Records from a data source
———

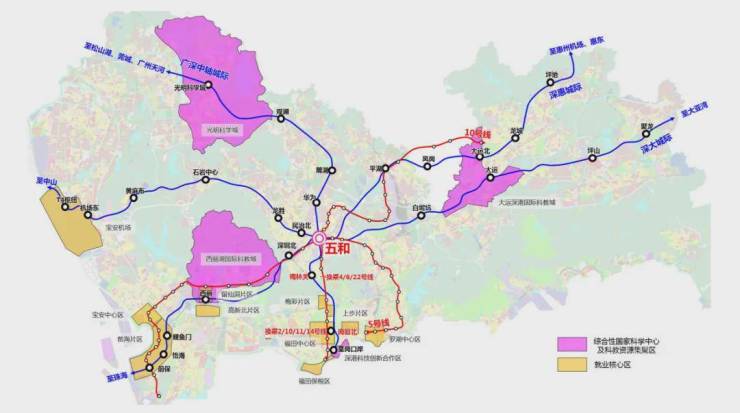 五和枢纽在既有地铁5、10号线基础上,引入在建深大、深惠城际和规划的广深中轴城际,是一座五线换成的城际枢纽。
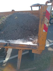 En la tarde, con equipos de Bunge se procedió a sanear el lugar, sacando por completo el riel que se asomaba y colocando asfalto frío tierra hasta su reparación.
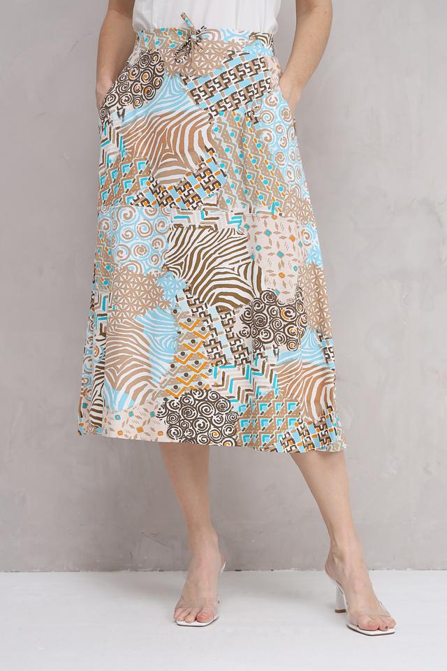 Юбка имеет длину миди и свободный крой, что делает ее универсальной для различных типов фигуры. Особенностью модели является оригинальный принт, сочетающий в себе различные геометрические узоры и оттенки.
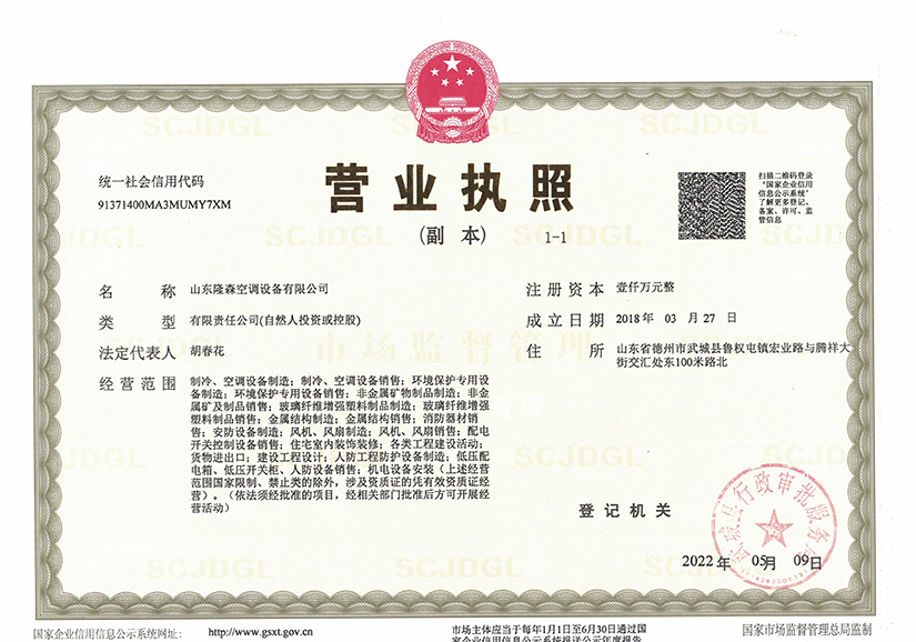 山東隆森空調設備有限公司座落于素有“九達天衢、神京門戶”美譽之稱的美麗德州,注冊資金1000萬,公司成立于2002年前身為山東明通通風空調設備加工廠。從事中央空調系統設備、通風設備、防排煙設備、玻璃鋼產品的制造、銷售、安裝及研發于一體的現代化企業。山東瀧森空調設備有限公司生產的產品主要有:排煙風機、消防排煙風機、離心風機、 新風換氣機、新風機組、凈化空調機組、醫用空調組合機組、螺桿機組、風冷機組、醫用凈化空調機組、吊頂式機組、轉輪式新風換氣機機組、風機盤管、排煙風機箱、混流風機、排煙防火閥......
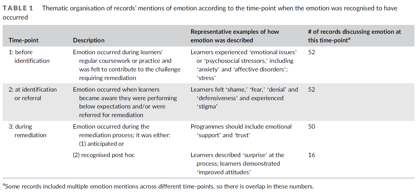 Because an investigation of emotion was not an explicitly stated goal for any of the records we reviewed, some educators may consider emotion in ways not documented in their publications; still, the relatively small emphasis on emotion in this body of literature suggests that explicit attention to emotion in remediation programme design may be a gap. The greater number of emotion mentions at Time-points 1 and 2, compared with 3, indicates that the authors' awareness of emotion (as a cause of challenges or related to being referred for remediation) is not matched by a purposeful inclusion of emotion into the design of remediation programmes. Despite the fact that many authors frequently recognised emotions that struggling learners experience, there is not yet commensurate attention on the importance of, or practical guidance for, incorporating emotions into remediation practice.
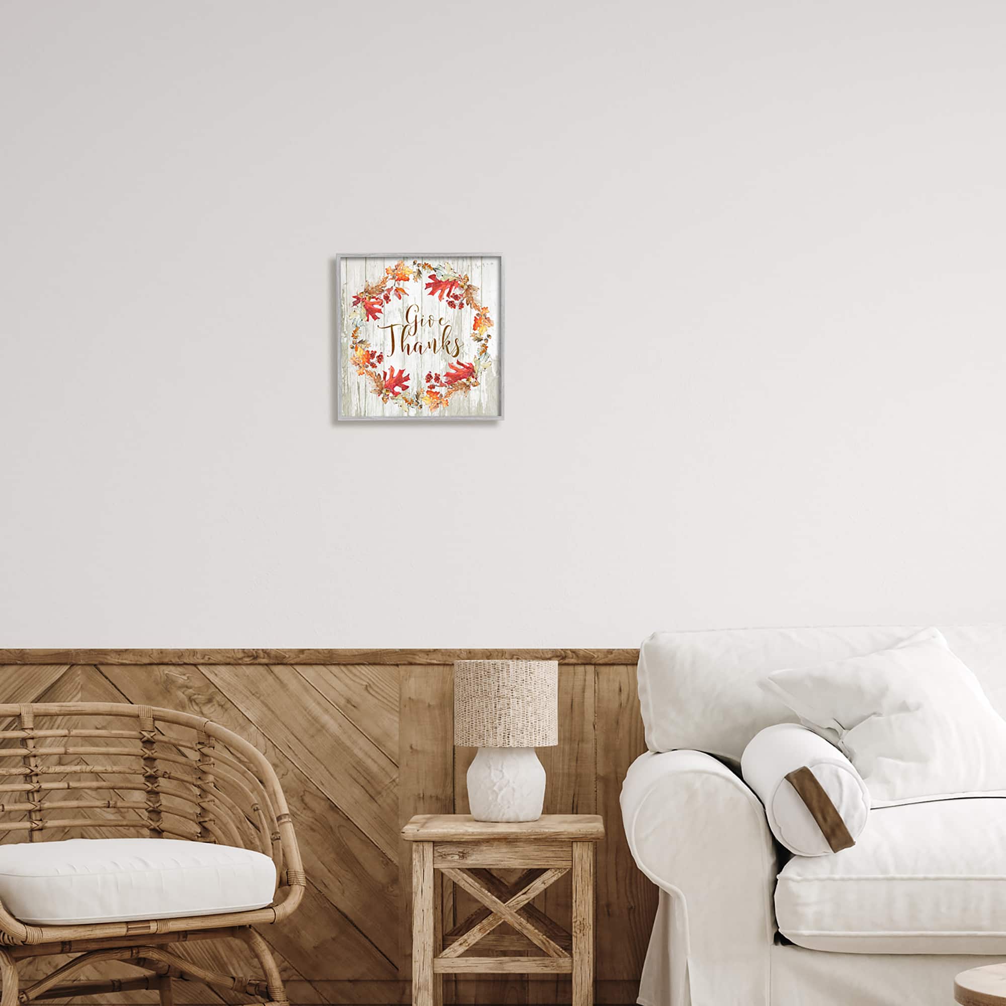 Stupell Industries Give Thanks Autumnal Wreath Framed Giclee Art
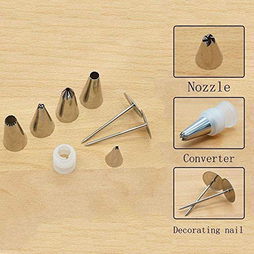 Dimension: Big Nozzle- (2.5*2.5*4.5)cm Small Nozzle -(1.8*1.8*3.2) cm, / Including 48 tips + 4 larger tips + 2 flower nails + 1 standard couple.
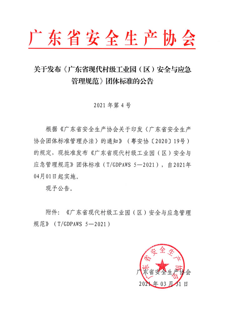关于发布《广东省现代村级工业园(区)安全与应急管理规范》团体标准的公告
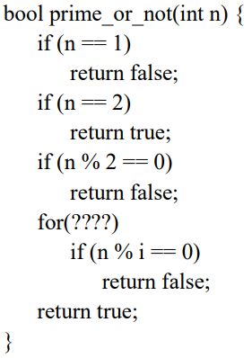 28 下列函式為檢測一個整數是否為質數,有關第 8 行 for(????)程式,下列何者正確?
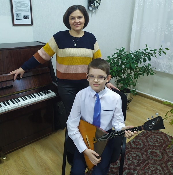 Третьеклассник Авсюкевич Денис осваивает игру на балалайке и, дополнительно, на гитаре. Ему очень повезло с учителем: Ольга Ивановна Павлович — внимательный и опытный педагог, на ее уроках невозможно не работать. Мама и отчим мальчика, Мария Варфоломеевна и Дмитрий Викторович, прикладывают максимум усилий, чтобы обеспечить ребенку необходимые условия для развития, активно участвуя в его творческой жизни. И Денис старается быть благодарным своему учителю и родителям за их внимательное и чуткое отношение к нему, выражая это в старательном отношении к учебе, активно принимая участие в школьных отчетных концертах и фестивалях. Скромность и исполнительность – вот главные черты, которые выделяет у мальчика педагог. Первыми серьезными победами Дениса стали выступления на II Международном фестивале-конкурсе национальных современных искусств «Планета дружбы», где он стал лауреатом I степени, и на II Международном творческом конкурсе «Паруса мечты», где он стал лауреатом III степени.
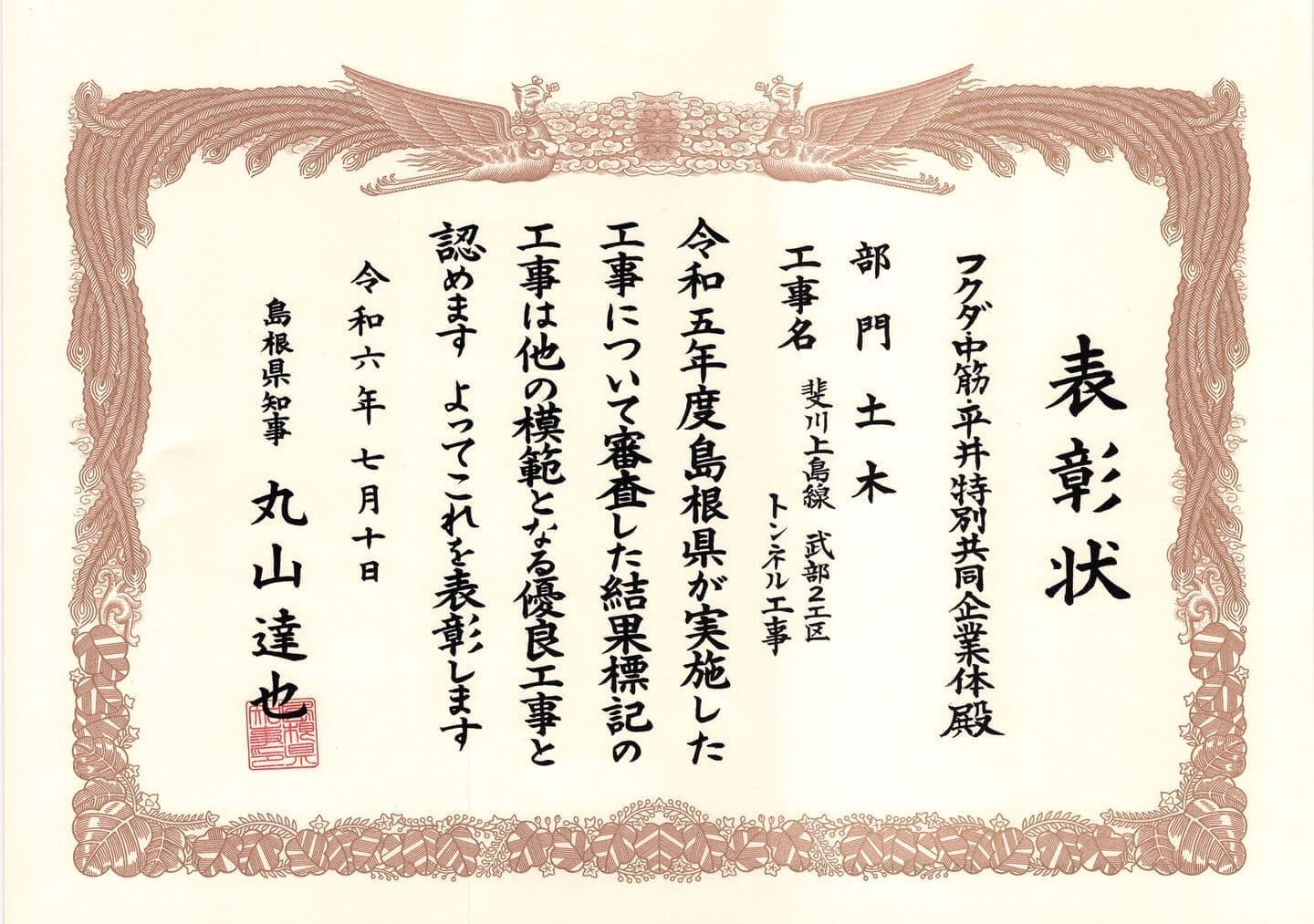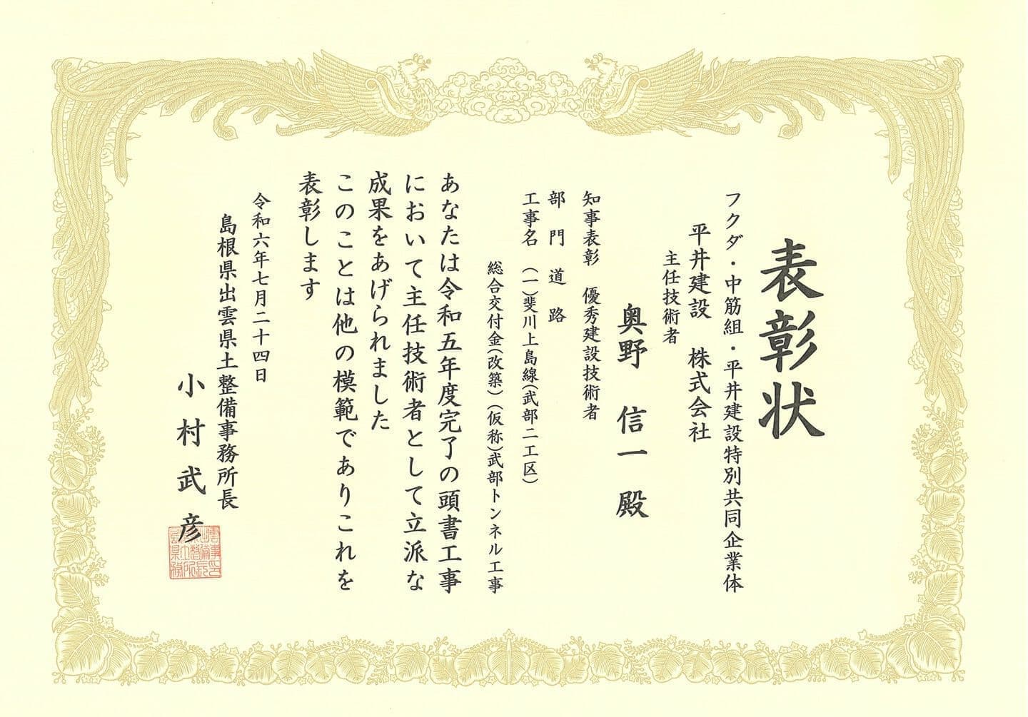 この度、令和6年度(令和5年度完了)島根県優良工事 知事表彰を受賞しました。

———

### Exercise goal
Without including any pictures, print each record exactly.

### Output for this exercise
 五和枢纽在既有地铁5、10号线基础上,引入在建深大、深惠城际和规划的广深中轴城际,是一座五线换成的城际枢纽。
 En la tarde, con equipos de Bunge se procedió a sanear el lugar, sacando por completo el riel que se asomaba y colocando asfalto frío tierra hasta su reparación.
 Юбка имеет длину миди и свободный крой, что делает ее универсальной для различных типов фигуры. Особенностью модели является оригинальный принт, сочетающий в себе различные геометрические узоры и оттенки.
 山東隆森空調設備有限公司座落于素有“九達天衢、神京門戶”美譽之稱的美麗德州,注冊資金1000萬,公司成立于2002年前身為山東明通通風空調設備加工廠。從事中央空調系統設備、通風設備、防排煙設備、玻璃鋼產品的制造、銷售、安裝及研發于一體的現代化企業。山東瀧森空調設備有限公司生產的產品主要有:排煙風機、消防排煙風機、離心風機、 新風換氣機、新風機組、凈化空調機組、醫用空調組合機組、螺桿機組、風冷機組、醫用凈化空調機組、吊頂式機組、轉輪式新風換氣機機組、風機盤管、排煙風機箱、混流風機、排煙防火閥......
 Because an investigation of emotion was not an explicitly stated goal for any of the records we reviewed, some educators may consider emotion in ways not documented in their publications; still, the relatively small emphasis on emotion in this body of literature suggests that explicit attention to emotion in remediation programme design may be a gap. The greater number of emotion mentions at Time-points 1 and 2, compared with 3, indicates that the authors' awareness of emotion (as a cause of challenges or related to being referred for remediation) is not matched by a purposeful inclusion of emotion into the design of remediation programmes. Despite the fact that many authors frequently recognised emotions that struggling learners experience, there is not yet commensurate attention on the importance of, or practical guidance for, incorporating emotions into remediation practice.
 Stupell Industries Give Thanks Autumnal Wreath Framed Giclee Art
 Dimension: Big Nozzle- (2.5*2.5*4.5)cm Small Nozzle -(1.8*1.8*3.2) cm, / Including 48 tips + 4 larger tips + 2 flower nails + 1 standard couple.
关于发布《广东省现代村级工业园(区)安全与应急管理规范》团体标准的公告
 28 下列函式為檢測一個整數是否為質數,有關第 8 行 for(????)程式,下列何者正確?
 Третьеклассник Авсюкевич Денис осваивает игру на балалайке и, дополнительно, на гитаре. Ему очень повезло с учителем: Ольга Ивановна Павлович — внимательный и опытный педагог, на ее уроках невозможно не работать. Мама и отчим мальчика, Мария Варфоломеевна и Дмитрий Викторович, прикладывают максимум усилий, чтобы обеспечить ребенку необходимые условия для развития, активно участвуя в его творческой жизни. И Денис старается быть благодарным своему учителю и родителям за их внимательное и чуткое отношение к нему, выражая это в старательном отношении к учебе, активно принимая участие в школьных отчетных концертах и фестивалях. Скромность и исполнительность – вот главные черты, которые выделяет у мальчика педагог. Первыми серьезными победами Дениса стали выступления на II Международном фестивале-конкурсе национальных современных искусств «Планета дружбы», где он стал лауреатом I степени, и на II Международном творческом конкурсе «Паруса мечты», где он стал лауреатом III степени.
 この度、令和6年度(令和5年度完了)島根県優良工事 知事表彰を受賞しました。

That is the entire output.